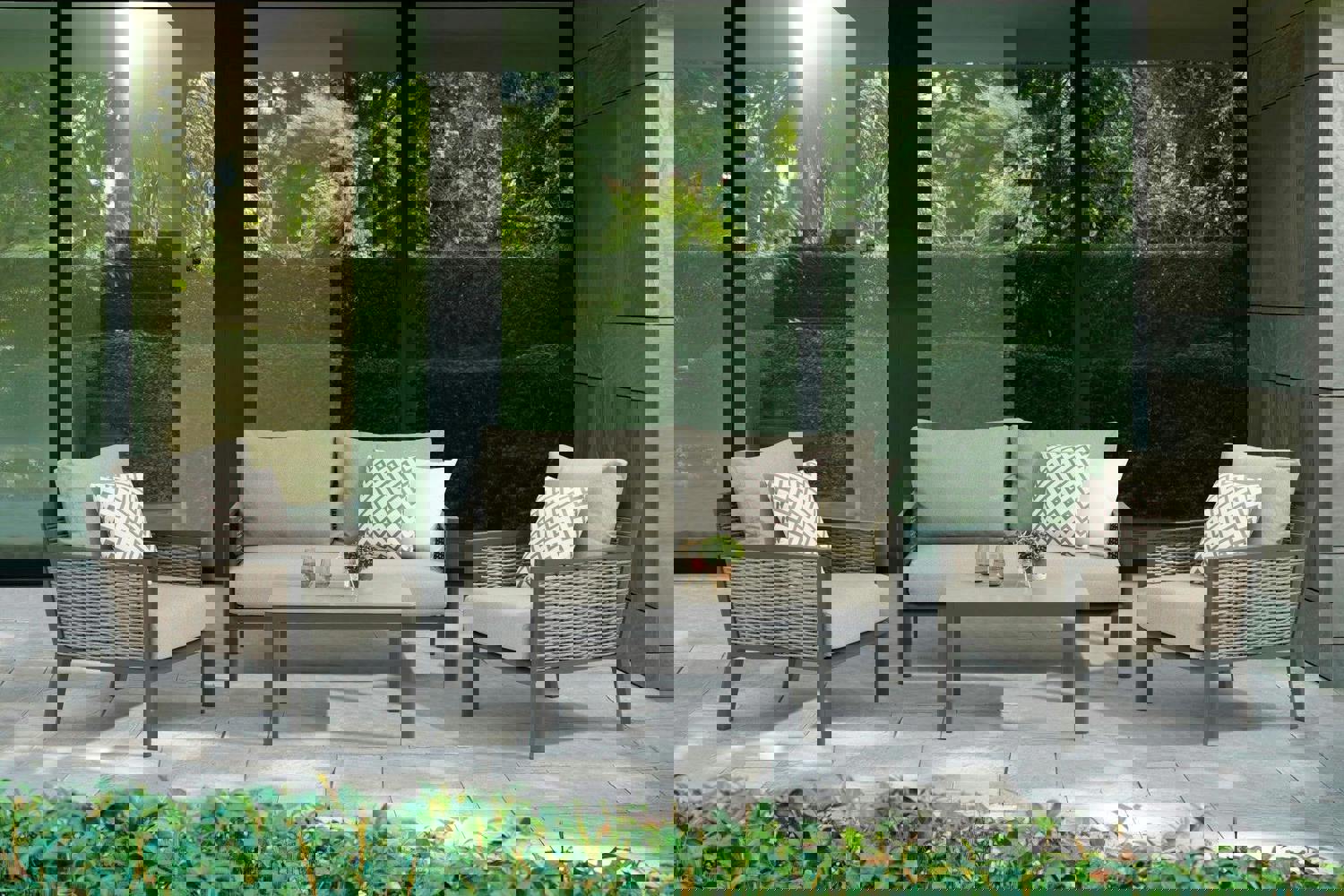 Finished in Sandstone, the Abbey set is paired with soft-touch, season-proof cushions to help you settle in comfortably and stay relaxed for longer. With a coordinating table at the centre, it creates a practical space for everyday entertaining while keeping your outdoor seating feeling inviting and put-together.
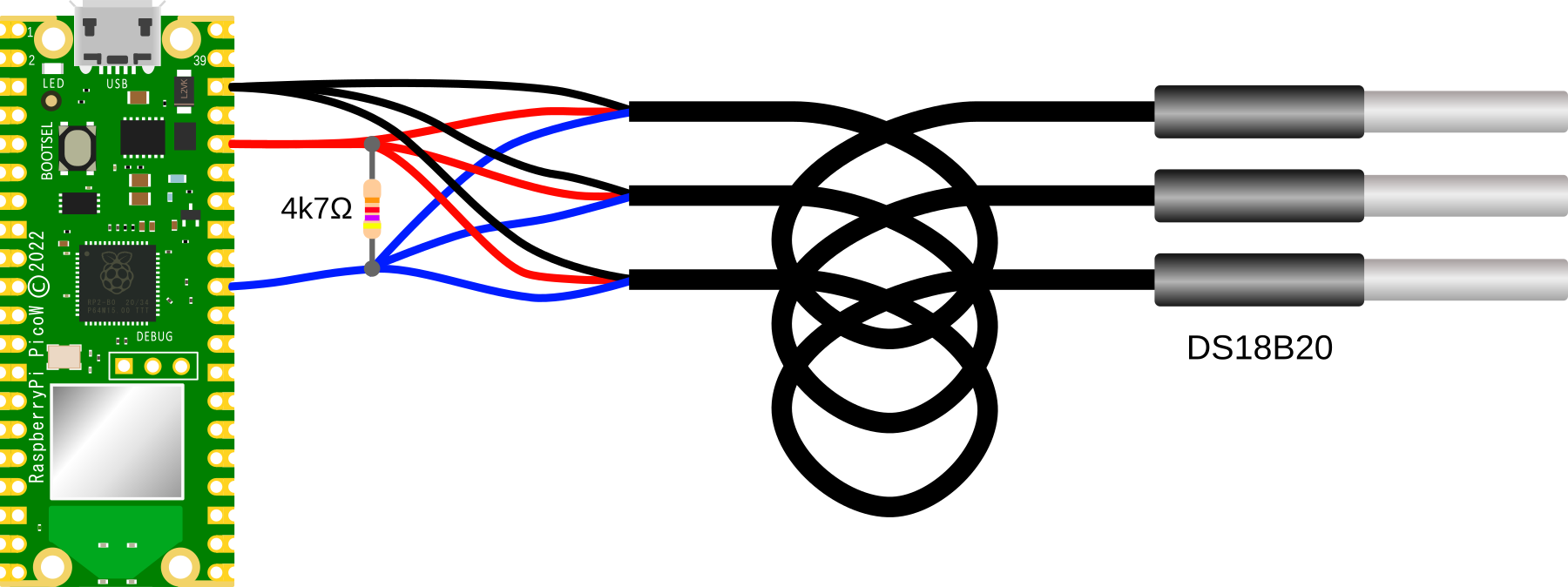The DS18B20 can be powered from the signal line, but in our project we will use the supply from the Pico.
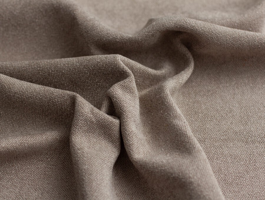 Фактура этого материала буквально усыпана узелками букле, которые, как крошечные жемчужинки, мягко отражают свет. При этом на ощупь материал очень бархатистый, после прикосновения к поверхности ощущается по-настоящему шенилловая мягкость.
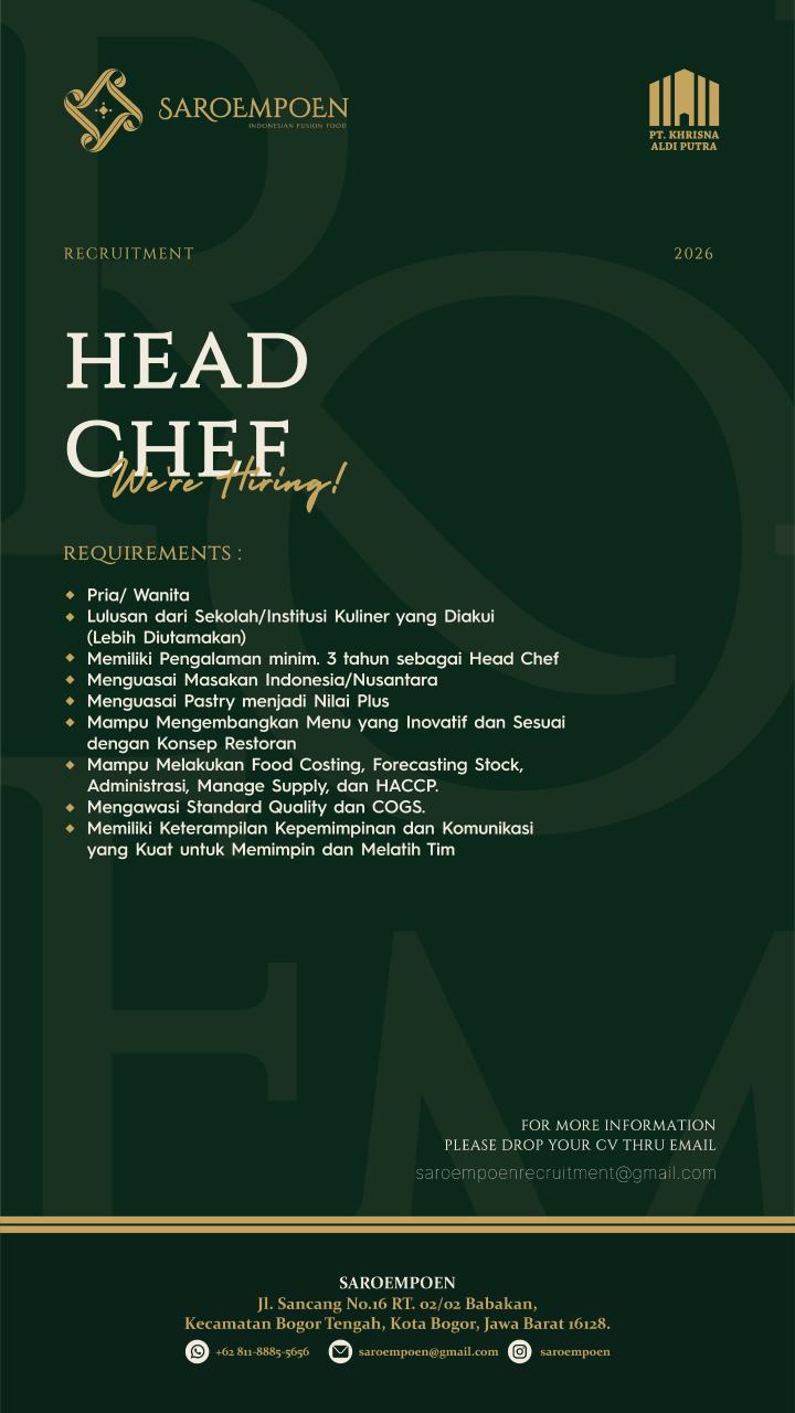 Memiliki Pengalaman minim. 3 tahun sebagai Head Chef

■ ■ ■ ■ ■ ■ ■

### Instructions for the task
Repeat the listing exactly, pictures excluded.

### Result of this task
 Finished in Sandstone, the Abbey set is paired with soft-touch, season-proof cushions to help you settle in comfortably and stay relaxed for longer. With a coordinating table at the centre, it creates a practical space for everyday entertaining while keeping your outdoor seating feeling inviting and put-together.
The DS18B20 can be powered from the signal line, but in our project we will use the supply from the Pico.
 Фактура этого материала буквально усыпана узелками букле, которые, как крошечные жемчужинки, мягко отражают свет. При этом на ощупь материал очень бархатистый, после прикосновения к поверхности ощущается по-настоящему шенилловая мягкость.
 Memiliki Pengalaman minim. 3 tahun sebagai Head Chef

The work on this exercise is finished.